• EXERCISE MATERIALS
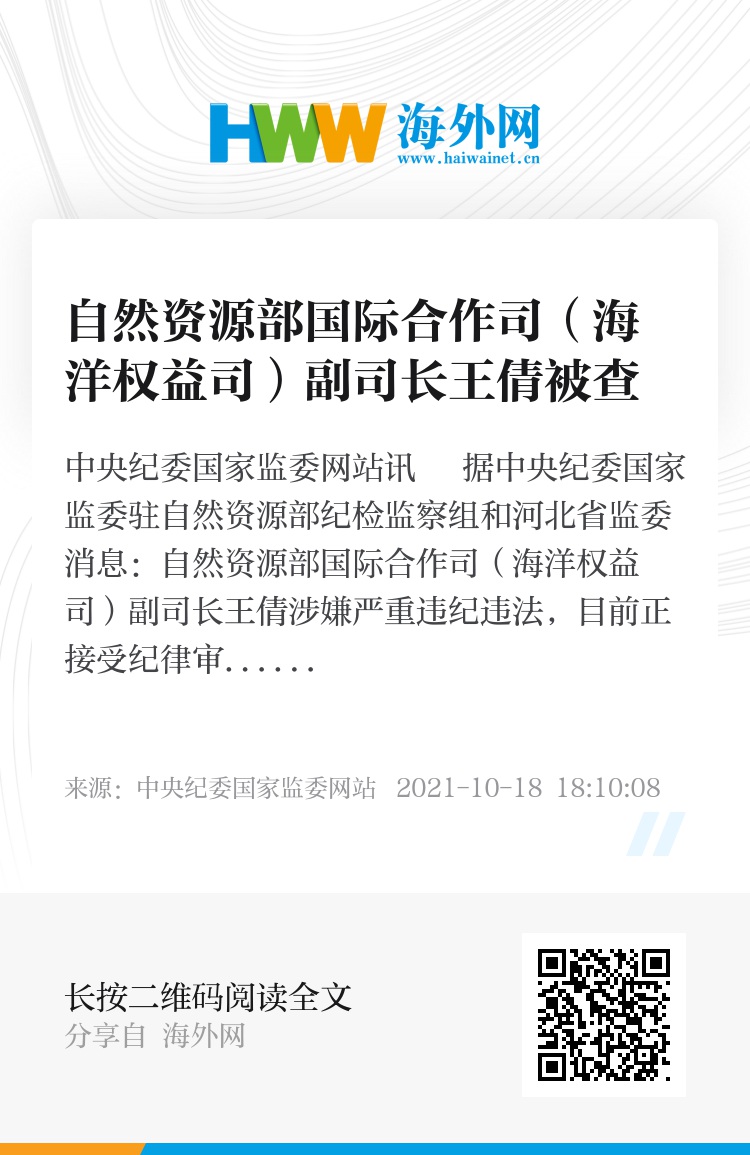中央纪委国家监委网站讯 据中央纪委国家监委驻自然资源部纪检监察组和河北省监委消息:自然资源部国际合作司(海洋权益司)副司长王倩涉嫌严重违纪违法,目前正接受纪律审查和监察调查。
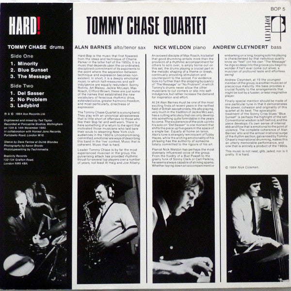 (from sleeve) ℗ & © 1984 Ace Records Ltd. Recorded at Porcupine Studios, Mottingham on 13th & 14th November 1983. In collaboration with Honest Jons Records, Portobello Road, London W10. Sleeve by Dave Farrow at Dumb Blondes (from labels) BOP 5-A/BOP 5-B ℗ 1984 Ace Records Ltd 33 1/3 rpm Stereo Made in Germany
---
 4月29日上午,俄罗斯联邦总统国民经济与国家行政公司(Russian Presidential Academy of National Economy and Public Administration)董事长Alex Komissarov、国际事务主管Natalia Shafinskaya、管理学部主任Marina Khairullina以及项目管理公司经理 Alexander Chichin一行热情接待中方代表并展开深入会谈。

• WHAT IS EXPECTED
Produce an exact reproduction of the listing above, limited to the lines starting at the line with "中央纪委国家监委网站讯 据中" and ending at the line with "(from sleeve) ℗", both kept, with every picture left out.

• SOLUTION FOR THIS EXERCISE
中央纪委国家监委网站讯 据中央纪委国家监委驻自然资源部纪检监察组和河北省监委消息:自然资源部国际合作司(海洋权益司)副司长王倩涉嫌严重违纪违法,目前正接受纪律审查和监察调查。
 (from sleeve) ℗ & © 1984 Ace Records Ltd. Recorded at Porcupine Studios, Mottingham on 13th & 14th November 1983. In collaboration with Honest Jons Records, Portobello Road, London W10. Sleeve by Dave Farrow at Dumb Blondes (from labels) BOP 5-A/BOP 5-B ℗ 1984 Ace Records Ltd 33 1/3 rpm Stereo Made in Germany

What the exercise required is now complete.